17:41 The slowness is basically the allocation,
17:45 assignment, verification of 100 car objects.
17:48 I'd like to see a little better serialization time out of MongoEngine,
17:53 if you have some part of your code that has to load tons of these things
17:56 and it's super performance critical, you could drop down to PyMongo,
18:00 talk to it directly and probably in the case where you're doing that
18:05 you don't need to pull back many, many objects,
18:07 but also you can see that if we limit what we ask for down here,
18:12 that goes back to 14 miliseconds which is really great,
18:15 here we're looking at a lot of events, this is like 16 thousand
18:21 or no, 65 thousand, that's quite a bit, this one is really fast,
18:25 this one is really fast, so I feel like from an index perspective
18:28 we've done quite a good job, how do we know we're done?
18:32 I guess this is the final question, this has been a bit of a long—
18:35 how do we know we're done with this performance bit?
18:39 We know we're done when all of these numbers come by
18:43 and they're all within reason of what we're willing to take.

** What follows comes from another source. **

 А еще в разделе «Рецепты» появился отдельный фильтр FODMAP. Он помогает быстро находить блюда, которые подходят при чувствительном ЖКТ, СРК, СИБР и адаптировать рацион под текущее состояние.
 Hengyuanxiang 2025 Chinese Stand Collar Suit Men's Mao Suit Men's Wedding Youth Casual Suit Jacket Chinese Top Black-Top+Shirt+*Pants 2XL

18:47 Here I have set this up as these are the explicit queries
18:51 we're going to ask and then we'll just time them,
18:54 like your real application does not work that way.

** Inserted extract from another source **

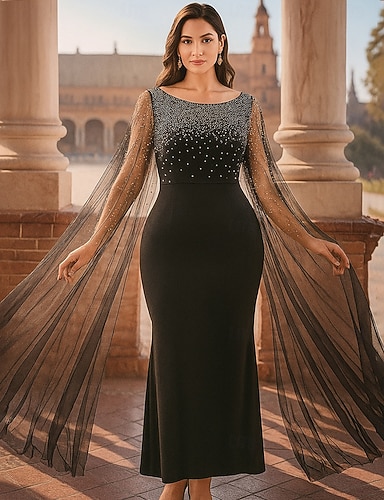 Tubino Colonna Lunghezza alla caviglia Abito nero Abito da invitata a nozze Abito Formale Abito da cerimonia per signora Manica Lunga Girocollo Elegante Vintage Festa Formale Ferie Serata Formale

18:56 How do you know what questions is your applications asking and how long it's taking.
19:01 So you want to set up profiling, so you can come over here
19:05 and definitely google how to do profiling in MongoDB,
19:08 so we can came over here and let's just say, db set profiling level
19:13 and you can use this function to say I'm looking for slow queries
19:18 and to me slow means 10 milliseconds, 20 milliseconds something like that,
19:23 it will generate a table called system.profile and you can just go look in there
19:29 and see what queries are slow, clear it out,
19:33 run your app, see what shows up in there
19:35 add a bunch of indexes, make them fast, clear that table,
19:38 then turn around and run your app again,
19:43 and just until stuff stops showing up in there,
19:46 you can basically find the slowest one, make it faster, clear out the profile
19:51 and just iterate on that process, and that will effectively like gather up
19:55 all of the meaningful queries that your app is going to do,
19:59 and then you can go through the same process here
20:01 to figure out what indexes you need to create.